He attended the prestigious Stroud School in Hampshire and Winchester College and later studied politics, philosophy and economics at Lincoln College, Oxford.
He met his wife, Ms Murthy, while the two were studying at Stanford University in the US.
The couple married in 2009 and have two daughters.
On Monday, the former chancellor won an accelerated Tory leadership contest after rivals Penny Mordaunt and Boris Johnson dropped out of the race to replace Liz Truss at No 10.
He is believed to be the richest man in the House of Commons, with The Sunday Times rich list valuing his and his wife’s fortune at £730m.
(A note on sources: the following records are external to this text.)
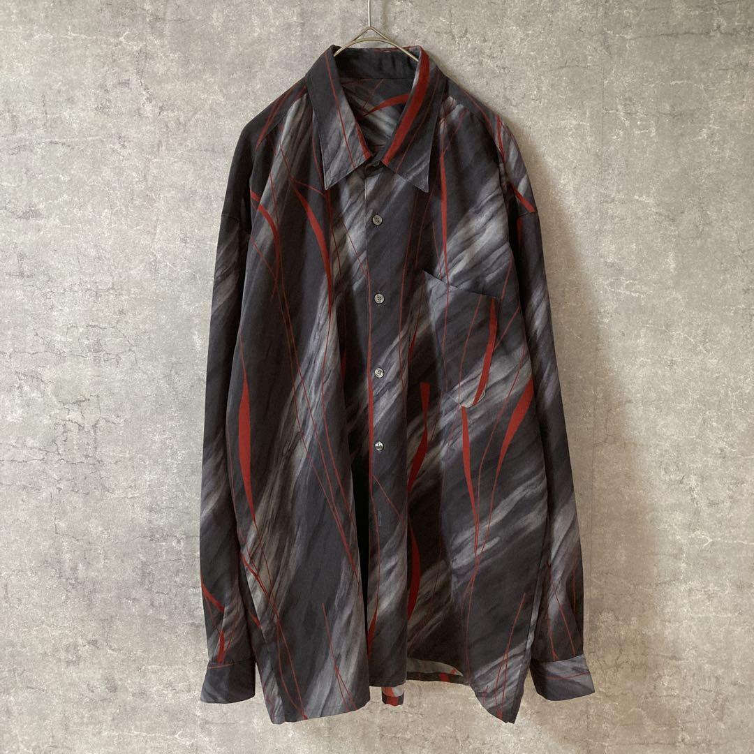 - デザインシャツ 総柄 長袖 ビッグシルエット モード 赤 黒 グレーLからXL程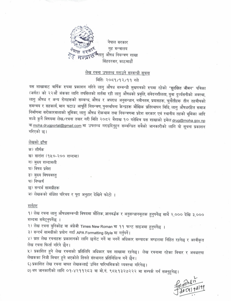 लेख रचना उपलब्ध गराउने सम्बन्धी सूचना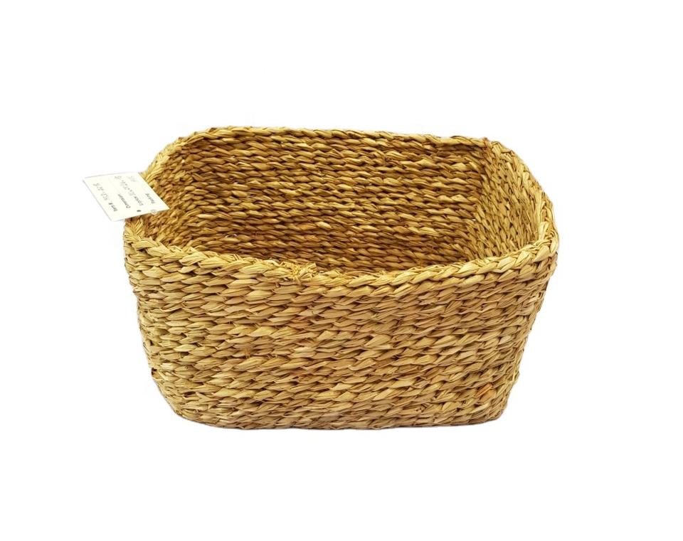 ตะกร้าเก็บของสานจากหญ้าทะเลคุณภาพสูง เป็นมิตรกับสิ่งแวดล้อม ทนทาน ทำด้วยมือ ได้รับการรับรองมาตรฐาน CE ปรับแต่งขนาดและโลโก้ได้ ใช้ใส่ผลไม้หรือขนม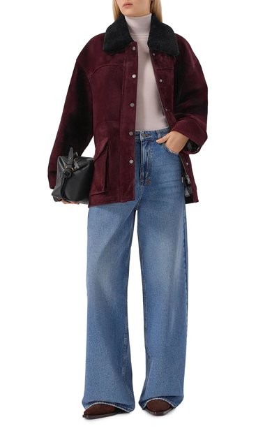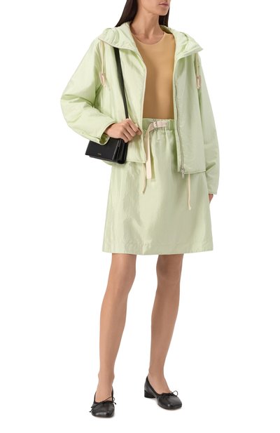 Стеганый жакет с объемными рукавами-буфами выполнили из эластичного шелка с авторским принтом, сочетающим геометричные и цветочные мотивы. Утепленную модель дополнили поясом-лентой из такой же ткани.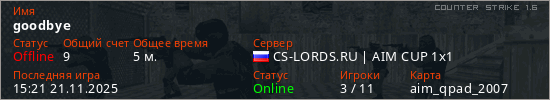 Играет на Counter Strike 1.6 сервере. Страна: РоссияПервый раз замечен 15:14 21.11.2025
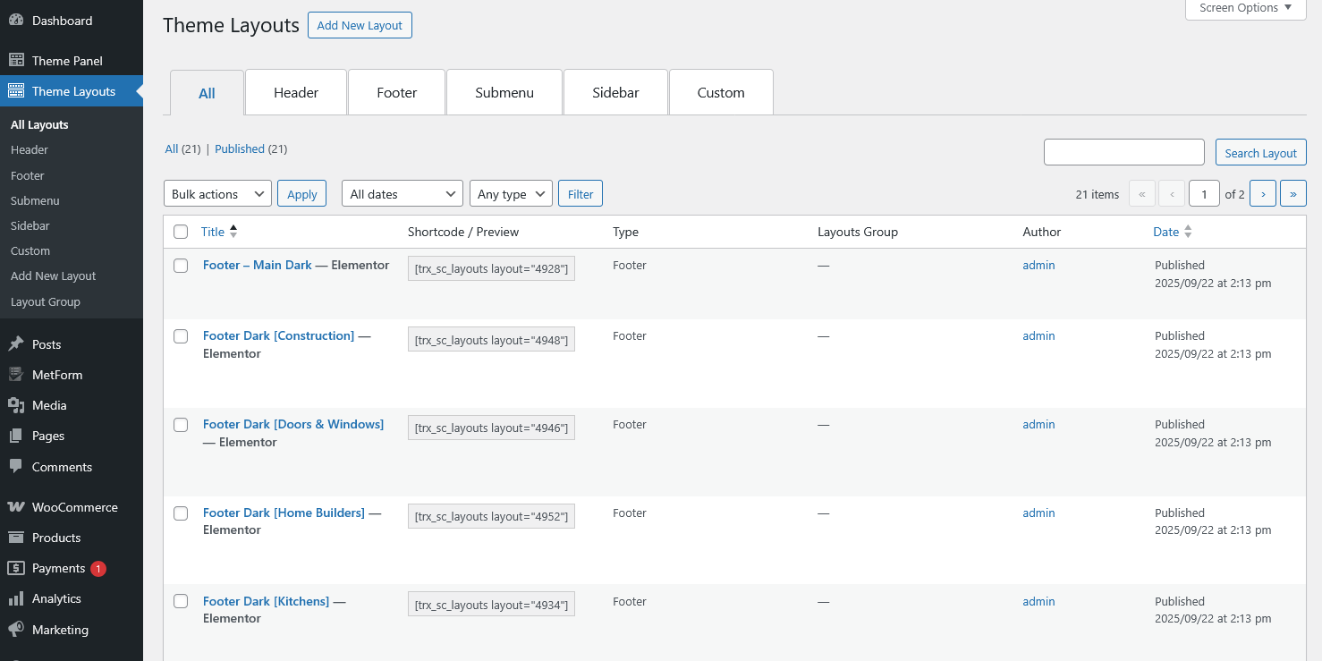 PLEASE NOTE! It is possible to switch between the page builders. Please use One page builder for creating/customizing One particular page/post/layout.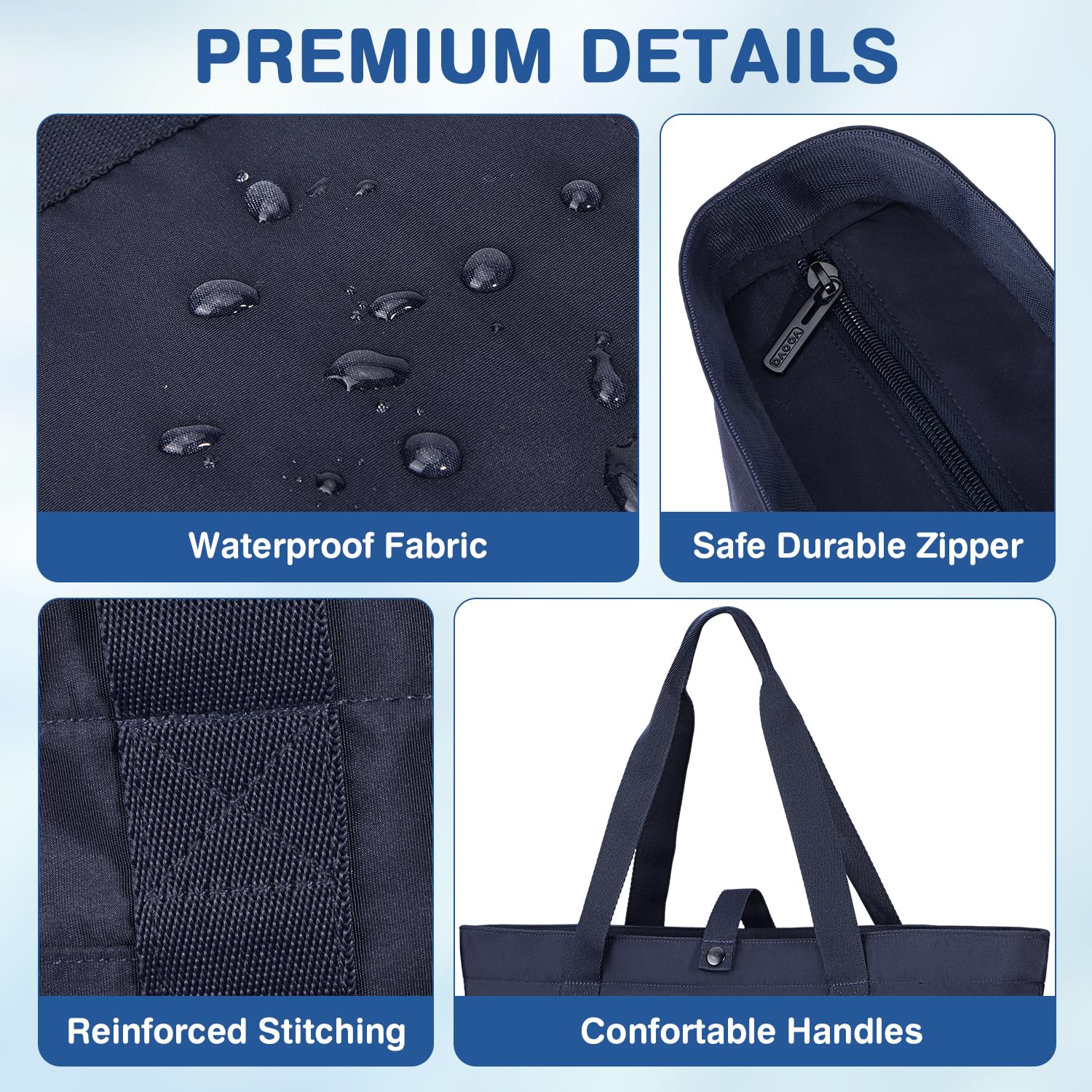 Voova Tote Bag for Women, Large Capacity Tote Bag with Zipper, Foldable Shoulder Bag Handbag for Work,Travel,Shopping,Beach, Navy Blue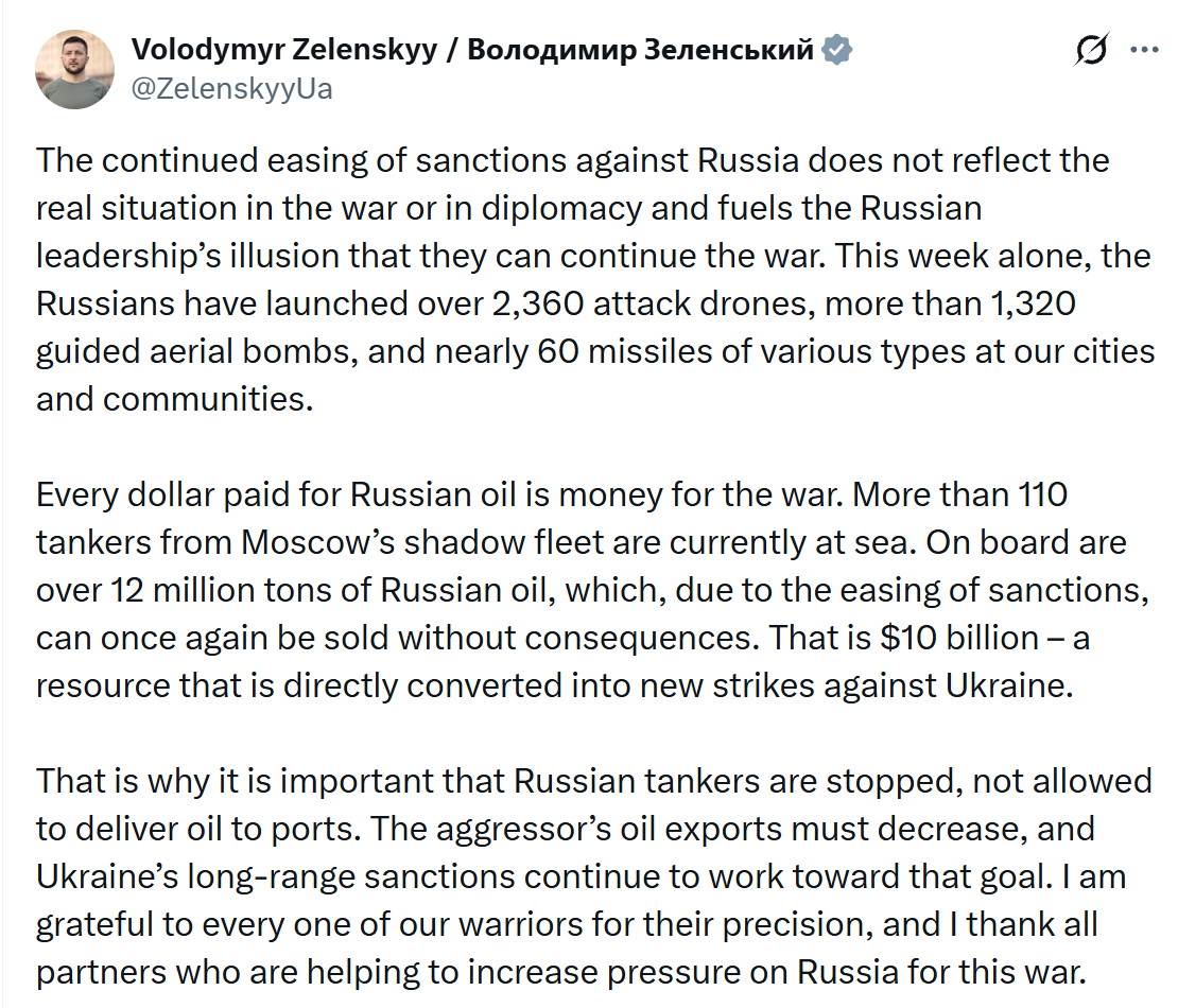 【#美方暂时放松对俄石油制裁#,泽连斯基急了】当地时间19日,乌克兰总统泽连斯基在X平台发文猛烈抨击美方关于暂时放松对俄石油制裁的措施。
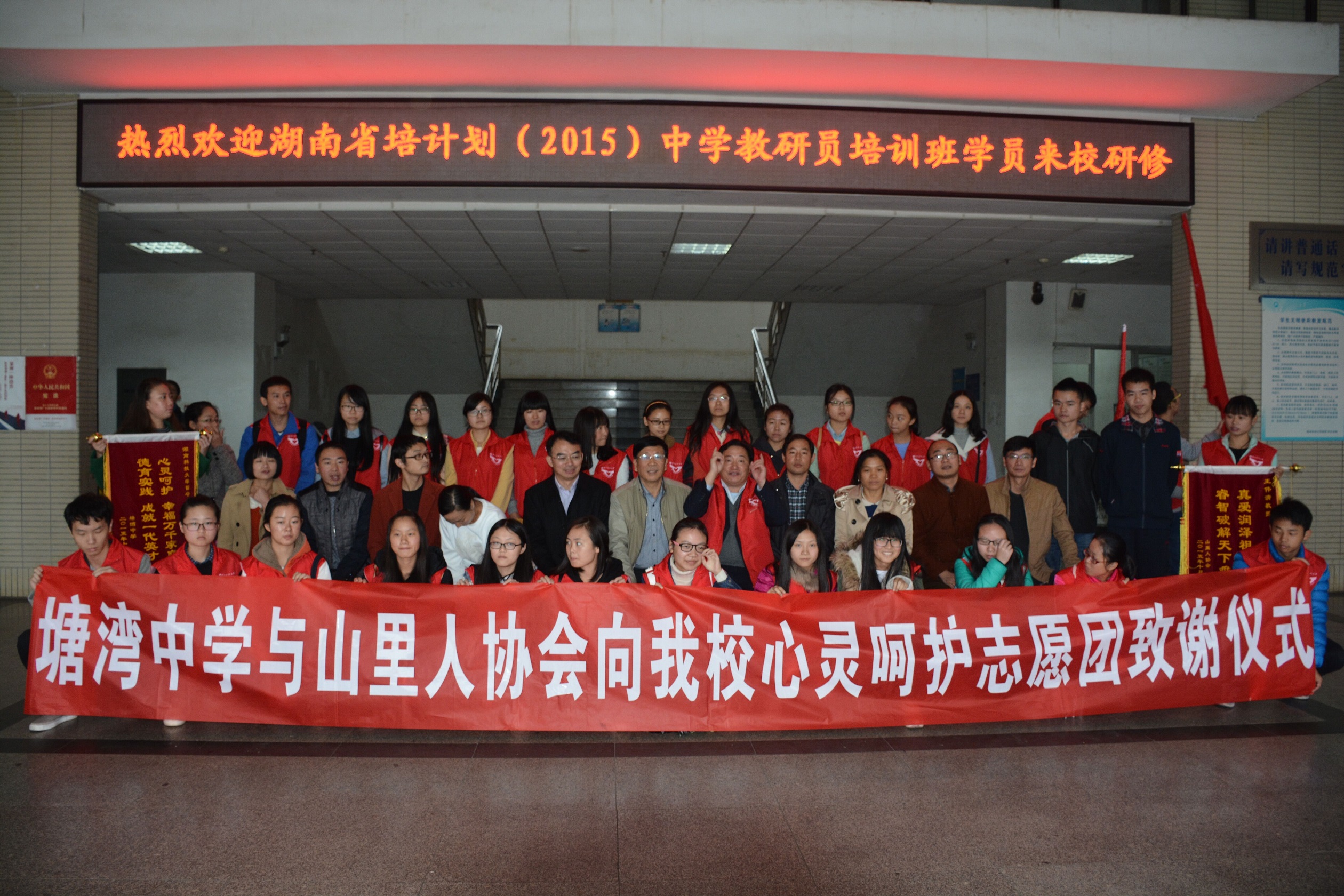 2015年10月31日上午,塘湾中学与山里人协会向我校心灵呵护志愿团致谢仪式隆重举行,莅临仪式的嘉宾代表有:湖南科技大学青少年儿童心灵呵护志愿团指导教师暨教育学院党委副书记王伟清、湖南科技大学团委、党委宣传部、教育学院、研究生院等部门有关领导 、各大学教授、及塘湾中学代表唐许汉校长等人、山里人协会代表戴志斌等人。
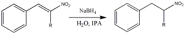 Mix the IPA and water in a sufficiently large beaker. Add the borohydride in one portion and commence stirring. Begin adding the nitrostyrene in small portions after a minute or two. This will cause a rise in temperature and moderate hydrogen evolution. Add the substrate in small portions to avoid any nasty volcano reactions. The rate of addition should be such that a lively evolution of hydrogen can be observed in the beaker, but slow enough to avoid the reaction shooting out of the flask.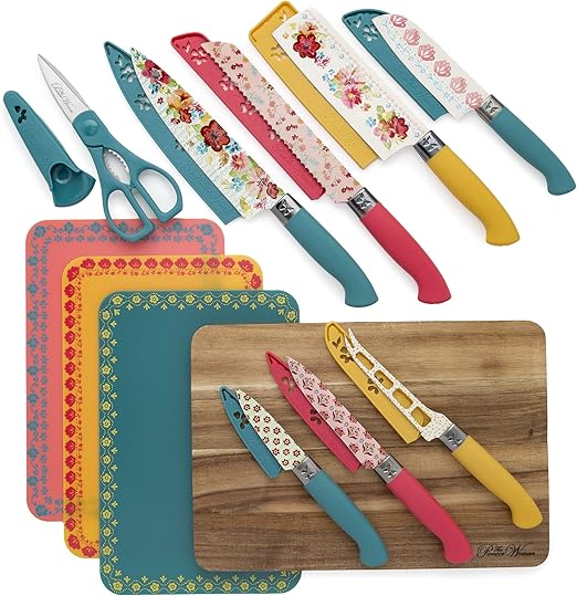 The set includes an 8 chef's knife with sheath, 7 santoku knife with sheath, 6 sandwich knife with sheath, 6 nakiri knife with sheath, 5 utility knife with sheath, 3.5 paring knife with sheath, kitchen shears, 2 spreader knives, wooden cutting board. That is down from the normal price of $69.97. This handsome rosewood handle knife set complements many kitchen decors. Walmart is cutting prices on kitchen essentials! Show off your impeccable chopping skills with this the pioneer woman cutlery set.

The Murthy family found themselves in the news in 2020 after calls had emerged for the UK government’s ethics watchdog to investigate the then-chancellor.
A story by The Guardian suggested Mr Sunak had not declared his wife’s multi-million dollar business portfolio in the official register of ministerial interests.
Earlier this year, Mr Sunak faced questions over his family’s financial affairs after it emerged that Ms Murthy pays no tax in the UK on her vast foreign earnings, potentially saving her millions of pounds.
Ms Murthy is an entrepreneur and Infosys is only one of her business investments.
The Independent had earlier reported that dividends from Infosys calculated from her stake in the company, of 0.93 per cent suggest the payments could have totalled around £11.6m in the past year.
Mr Sunak had lashed out at the “smear campaigns” against his family and said his wife is a private citizen.